▶ ACTIVITY:
Your output should be the lines from the one containing "Note: This tapestry" through the end of the listing, exact and inclusive, with no pictures.

▶ GIVEN INFORMATION:
━━━

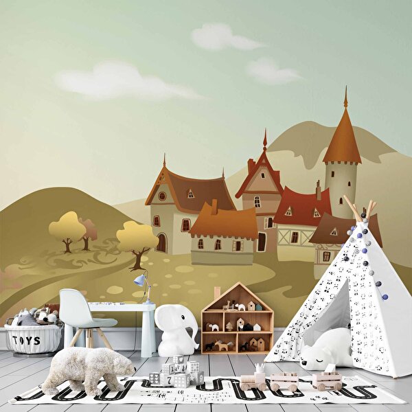 Duvarkagidibaski Minik Kasaba Çocuk Odası Duvar Kağıdı Baskı - Dkm429004 200x200 cm
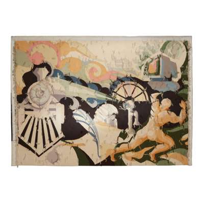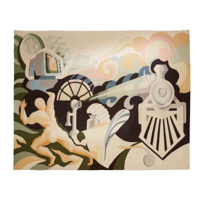 Note: This tapestry was designed for Dunedin Fund Managers Ltd. by James More, Managing Director of the Edinburgh Tapestry Company in July 1987. It depicts various subjects (noted below) connected with the history of the investment industry together with the Dunedin logo. The subjects include a quill pen, an inkwell & a judge's wig; the fanlight of a Victorian doorway; an upright telephone; a 19th-century American locomotive; a piece of engineering equipment; Sisyphus, a character from Greek mythology endlessly pushing the stone uphill.
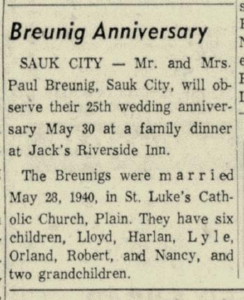- Orland P. Breunig b. 10 Dec 1944, d. 18 May 2003

━━━

▶ SOLUTION:
 Note: This tapestry was designed for Dunedin Fund Managers Ltd. by James More, Managing Director of the Edinburgh Tapestry Company in July 1987. It depicts various subjects (noted below) connected with the history of the investment industry together with the Dunedin logo. The subjects include a quill pen, an inkwell & a judge's wig; the fanlight of a Victorian doorway; an upright telephone; a 19th-century American locomotive; a piece of engineering equipment; Sisyphus, a character from Greek mythology endlessly pushing the stone uphill.
- Orland P. Breunig b. 10 Dec 1944, d. 18 May 2003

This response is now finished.